On the other hand, the color signal passed through the first all-pass filter 14 is also supplied to one input of the second phase comparator 30. Further, the reference carrier wave signal from the first phase shifter 22 is further phase-shifted by 90 degrees by the second phase shifter 28, and finally becomes a signal inverted with respect to the original reference carrier wave. The other input of 30 is supplied. Therefore, at the time of non-synchronization, the second phase comparator 30 cannot obtain the maximum demodulation output during the period of the burst signal BURST (FIG. 2), so that the synchronization signal missing from the second phase comparator 30 is compared in level. It is input to the device 36 and compared with the reference voltage 38. For this reason, the burst gate pulse BGP as shown in FIG. 2C is not continuously given to the first phase comparator 18 from the level comparator 36 at the time of asynchronous. On the other hand, the discontinuous burst gate pulse BGP from the level comparator 36 is smoothed by the third low pass filter 98 having a relatively large time constant, whereby a low level signal is created, and this signal is fed to the inverter. Via the AND gate 100 to one input. Therefore, the AND gate 100 allows the above-mentioned burst gate pulse BGP when asynchronous.
A pulse wider than that (the pulse shown in FIG. 2B), that is, the burst timing signal is as it is, the first phase comparator 1
8 and the first phase comparator 18 is activated at this timing.

In the embodiment shown in FIG. 5, the first phase comparator 18
Although the activation timing of is switched between synchronous and asynchronous, the operation of the first phase comparator 18 may be stopped during asynchronous.

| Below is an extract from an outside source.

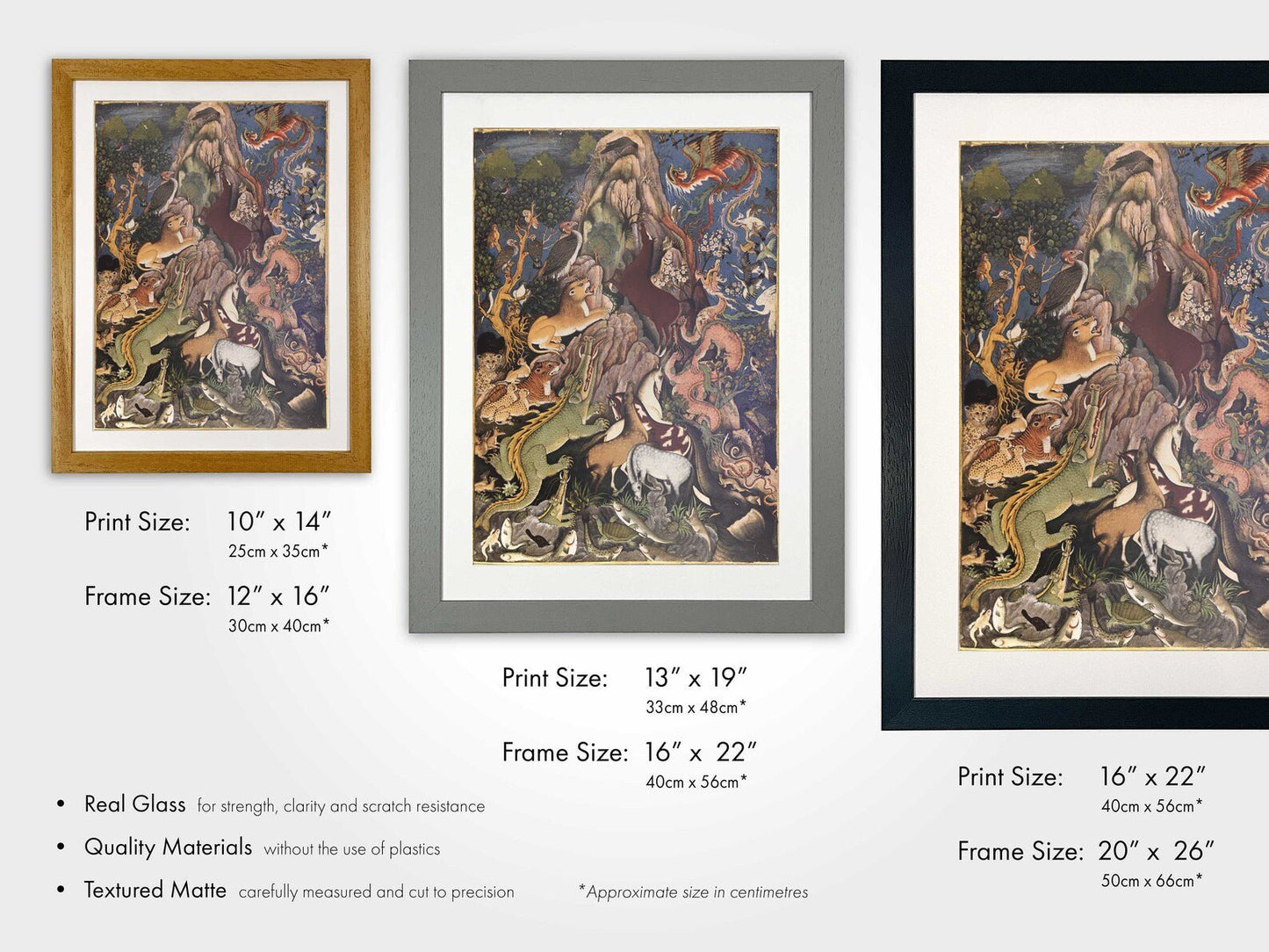 If you would like your frame to include glass glazing, then please get in touch for a custom quote. We recommend purchasing glass if you plan to hang your framed print in an area susceptible to moisture, such as in the bathroom.

In the embodiment shown in FIG. 6, the invention is PAL.
A line counter 102 and a switch 104 are provided to apply the method. The line counter 102 counts the horizontal synchronizing signal Hsync and gives a switch signal to the switch 104 for each line. That is, on the odd line (or even line), the switch 104 has the contact 104.
In the even line (or the odd line), the switch 104 is switched to the contact 104b. Therefore, in the odd line (or even line), the oscillator 2
The reference signal from 0 is phase-shifted by 90 degrees by the first phase shifter 22, but in the even line (or the odd line), the reference signal is supplied to the first phase comparator 18 without being phase-shifted.

[Brief description of drawings]

FIG. 1 is a block diagram showing an embodiment of the present invention.

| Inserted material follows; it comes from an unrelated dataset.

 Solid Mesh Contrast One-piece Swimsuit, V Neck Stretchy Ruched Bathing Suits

FIG. 2 is a timing diagram showing a burst gate pulse.

FIG. 3 is a circuit diagram showing an example of an all-pass filter used in the embodiment of FIG.

FIG. 4 is a circuit diagram showing an example of a variable inductance used in the embodiment of FIG.

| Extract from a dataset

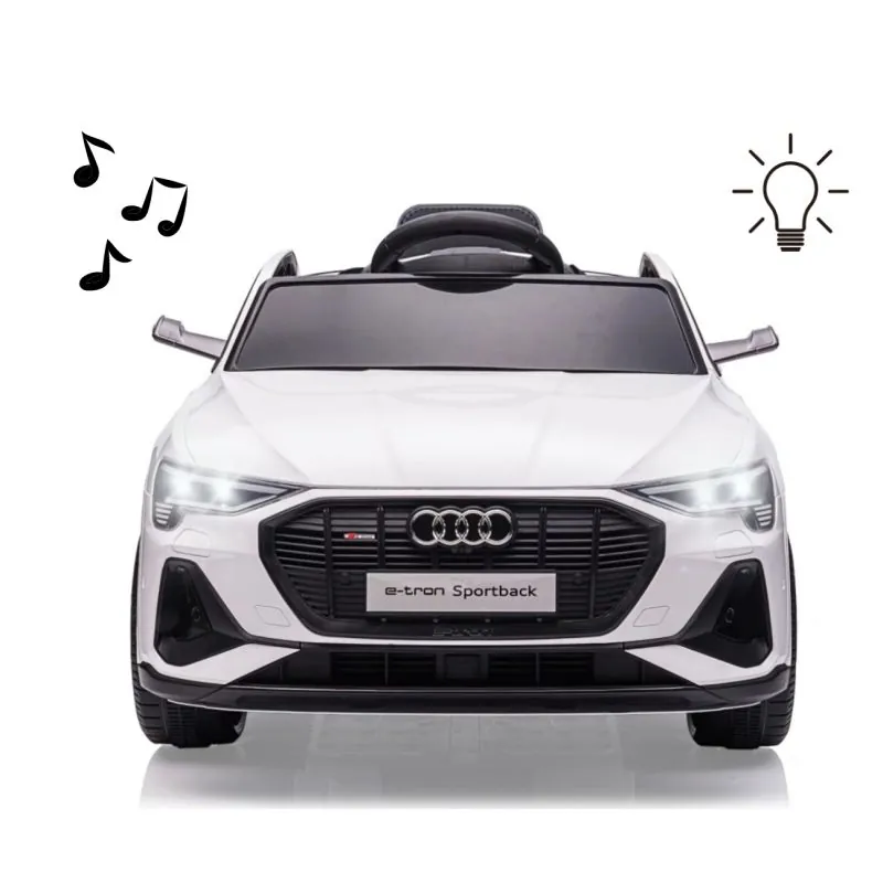 Transportlīdzeklim ir oriģināla "Audi" licence un tas ir slavenā "Audi E-Tron Sportback 4x4" modeļa mini kopija, vispievilcīgākais izskats un stilistiskās detaļas;Ar tālvadības pulti var izvēlēties 3 uz priekšu un 1 atpakaļ ātrumu;Pagriešanas funkcija pieejama, izmantojot tālvadības pulti;Spīdoši LED priekšējie un aizmugurējie lukturi;Transportlīdzekļa kreisajā pusē zem vāka ir uzlādes ligzda;Kabīnē apgaismoti LED pulksteņi;Ērts, liels, kontūrēts sēdeklis ar drošības jostu;Mūzikas funkcijas kabīnē un USB, MP3, USB un TF karšu ligzdās: mūzikas atskaņošana, pasaku atskaņošana, skaļums +/-;5 dziesmas, nospiežot labo pogu uz stūres, skaņas signāls - nospiežot kreiso pogu uz stūres;Start/Stop slēdzis;Uz priekšu un atpakaļ slēdzis;Mainīga 2 vai 4 riteņu piedziņa;Akseleratora pedālis;Metāla riteņu asis;Tonēts priekšējais stikls;Pagriežami priekšējie riteņi;Atsperu amortizācijas sistēma;Atveramas durvis, lai bērnam būtu ērti iekāpt un izkāpt;EVA riteņi ar protektoru un sporta diskiem;Atļautā slodze 25 kg.;Piemērots no 3 gadu vecuma;Paredzēts vienam bērnam;CE drošības sertifikāts;Barošana - baterija (iekļauta komplektā);Tālvadības pults (iekļauta).

FIG. 5 is a block diagram showing another embodiment of the present invention.

FIG. 6 is a block diagram showing a main part when the present invention is applied to a PAL system color signal processing circuit.

FIG. 7 is a block diagram showing an example of a conventional carrier color signal stabilizing circuit.

[Explanation of symbols]

 10 ... Carrier color signal stabilizing circuit 14 ... First all-pass filter 15 ... Second all-pass filter 18 ... First phase comparator 20 ... Fixed oscillator 22 ... First phase shifter 24 ... First low-pass filter 26 ... DC cut capacitor 28 ... Second phase shifter 30 ... Second phase comparator 32 ... Input terminal 34 ... Second low-pass filter 36 ... Level comparator 46 ... Variable inductor

Claims (2)

[Claims] 1. A reference signal having an input signal that has passed through an all-pass filter supplied to a first input of a phase detector and a reference signal having a phase difference of about 90 degrees with respect to the input signal supplied to a second input of the phase detector. To output the phase difference signals of the first and second inputs from the phase detector, and to supply the phase difference signal to the all-pass filter via a low-pass filter for negative feedback control. Characteristic carrier color signal stabilization circuit. 2. A carrier color signal stabilizing circuit, wherein a demodulated output of a burst gate pulse is used as a control signal for the phase detector.